Have you heard the term “inner child”? For instance, you see a toy that you used to have and enjoyed it very much but have long forgotten about it- and suddenly it reminisces you with all the good memories? Your inner child is that part of you that still reacts like a child. That inner child who had experienced both good and bad memories may have buried some deep feelings that continue to shape his views.

That is what I meant by how we are indirectly influenced by how we were raised. Those past experiences lead us to how we are now. So imagine if you are raised in a violent household, that mindset continues even if you have your own children.

You don’t have to repeat history.

Solutions:

a) make peace with your past – accept the fact that you cannot change your past.

b) forgive your parents – they were from different generation thus different way of parenting or nurturing.

c) reflect on the consequences

d) break the cycle – “I was raised in a negative environment, I cannot change the past. Though it had shaped me, I HAVE THE ABILITY TO CHANGE MY WAY OF PARENTING.

5. Instead of solving the problem, find the root cause.

The most important point that I will stressed on is that, before we “blame” ourself on why our children are misbehaving, we need to realise that children communicate through their behaviours when they cannot find a way to verbalise it.

It could be that they are hungry, feeling tired, in need of sensory outputs, wanting attention from us, the list can go on! fulfilling their needs can help alleviate all those big feelings inside them. Teaching them how to express their feelings/emotions in a correct way can help them feel less overwhelmed/angry or irritated.

A 10 minutes undivided attention is enough to fill their emotion cups rather than an hour of us sitting with them -but with our hands scrolling down the phone.

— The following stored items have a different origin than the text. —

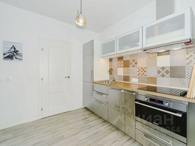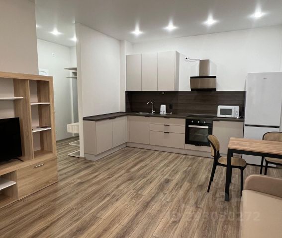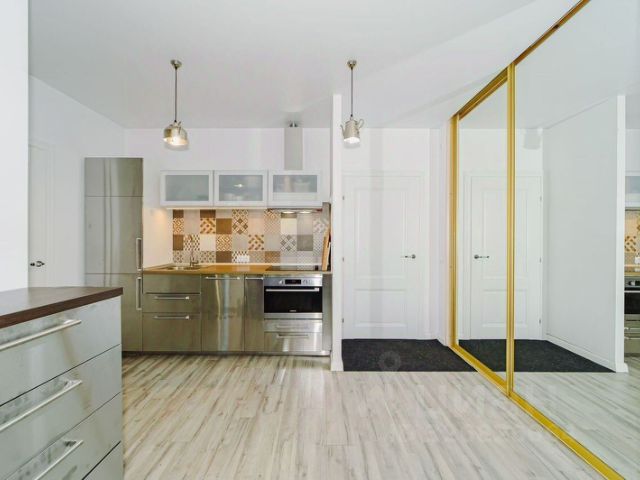 В квартире есть кухонный гарнитур с необходимой техникой.
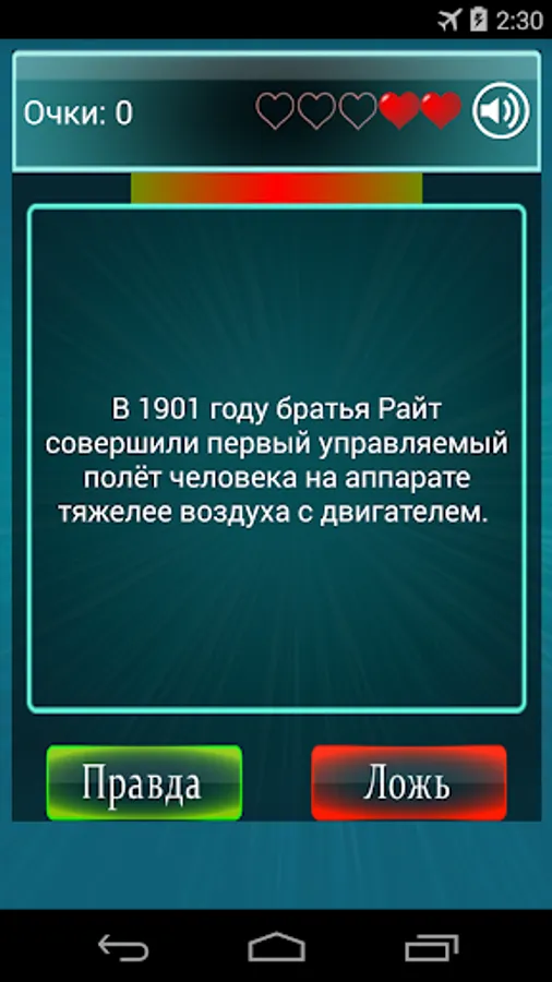 True or False Game - is a fun quiz that allows you to plunge into the world of incredible and amazing facts, test and improve your knowledge in various fields. In this game - you need a quiz to determine whether the statements true or false. We look forward to a variety of game modes for 1-4 players.
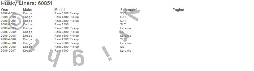 Below is an abbreviated list of applications for the Classic Style Floor Liner.
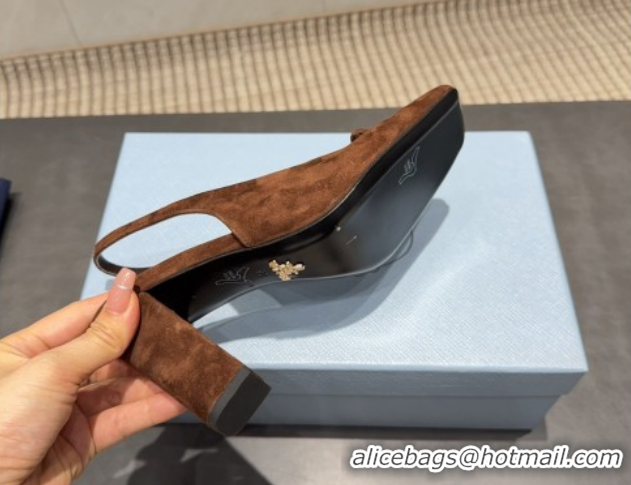 Sumptuous Prada Suede heel slingbacks pump 8.5cm Brown PR120504 1205069 2026
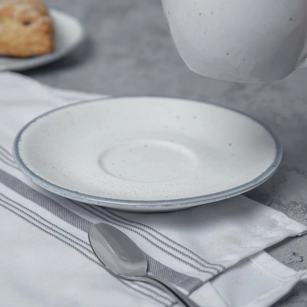 Tuxton MEE-056 Meridian 5 3/4″ Eggshell Embossed Swirl Rim China Saucer – 36/Case
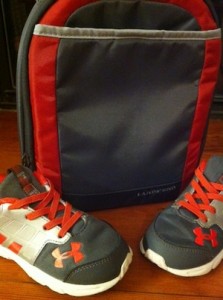 Noah has taken his lunch to school every day since he started kindergarten. He loves helping me pack his lunch tote and pick out his snacks. Even though this was totally unplanned, the lunch tote matches his new school shoes perfectly.
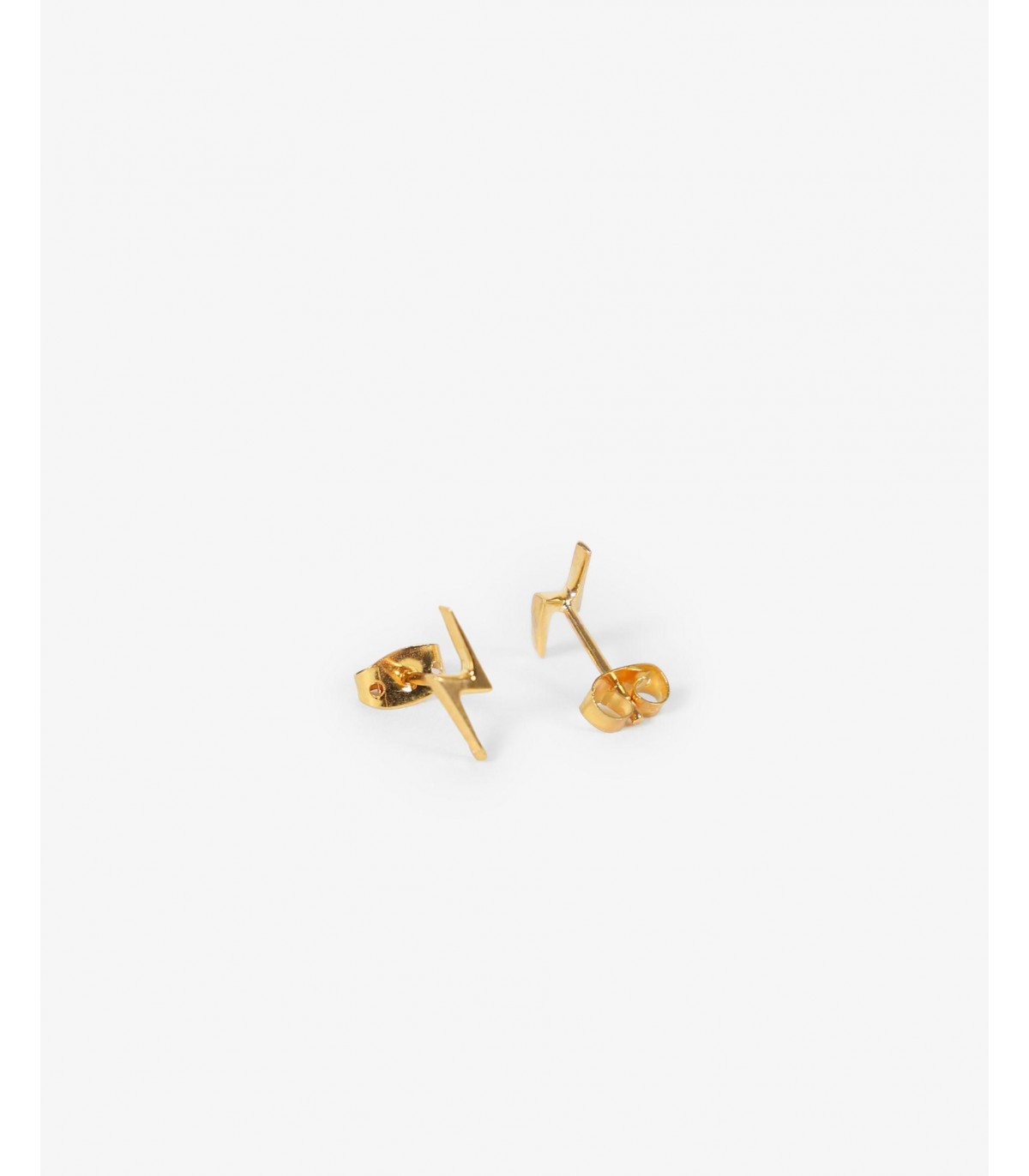 - Pendientes mini con forma de rayo de bronce bañado en oro de 18k. Cierre de tuerca.
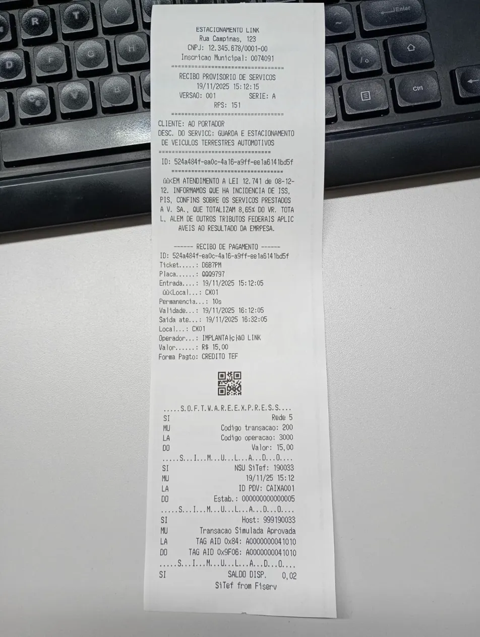 A via do cliente aparecerá na parte inferior do recibo, após o QR Code e informações fiscais, contendo todos os dados da transação processada pelo terminal Sitef.
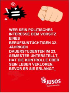 Ole Willms, SPD-Ratsmitglied, Juso-Chef, 30-jähriger berufsunfähiger Dauerstudent im 20. Semester, hat auch in diesem Jahr wohl wieder nicht den Abschluß geschafft; wir drücken ihm die Daumen für 2024.
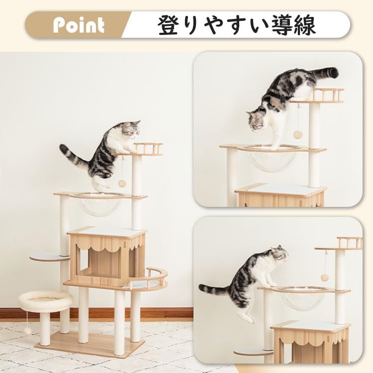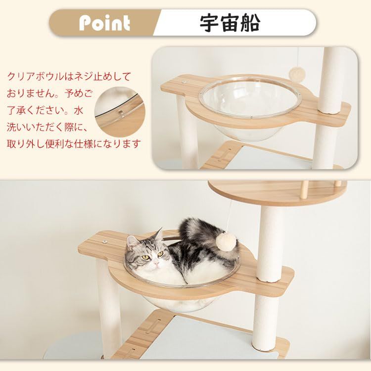 【なになにLife】 キャットタワー 木製 高さ128cm 大型猫 据え置き 大型 おしゃれ ワイドタイプ 多頭飼い 高級 豪華 スリム 猫タワー 宇宙船 中型 猫 爪研ぎポール 見晴台付き 天然麻紐 キャットツリー 宇宙船2個 クリアボウル 隠れ家 爪とぎ 安定 運動不足解消 麻紐 猫ハウス スクラッチ ホワイトコットン紐

Lastly, in Islam, while the parents have certain responsibilities towards the children (teaching correct Aqeedah, learning about the Deen upon the correct manhaj), they are not responsible for what their children do. Yes, parents get rewarded for their effort in raising their children. But to blame the parents if the children are astray (nauzubillah), that is not upon us to say that because ultimately Allah knows our intention and He is Al-Hakeem – The ultimate Judge.

May Allah help us to be a better parent and aid our journey. And remember even if you think you fail in parenting today, there is always tomorrow for you to learn and relearn inshaAllah.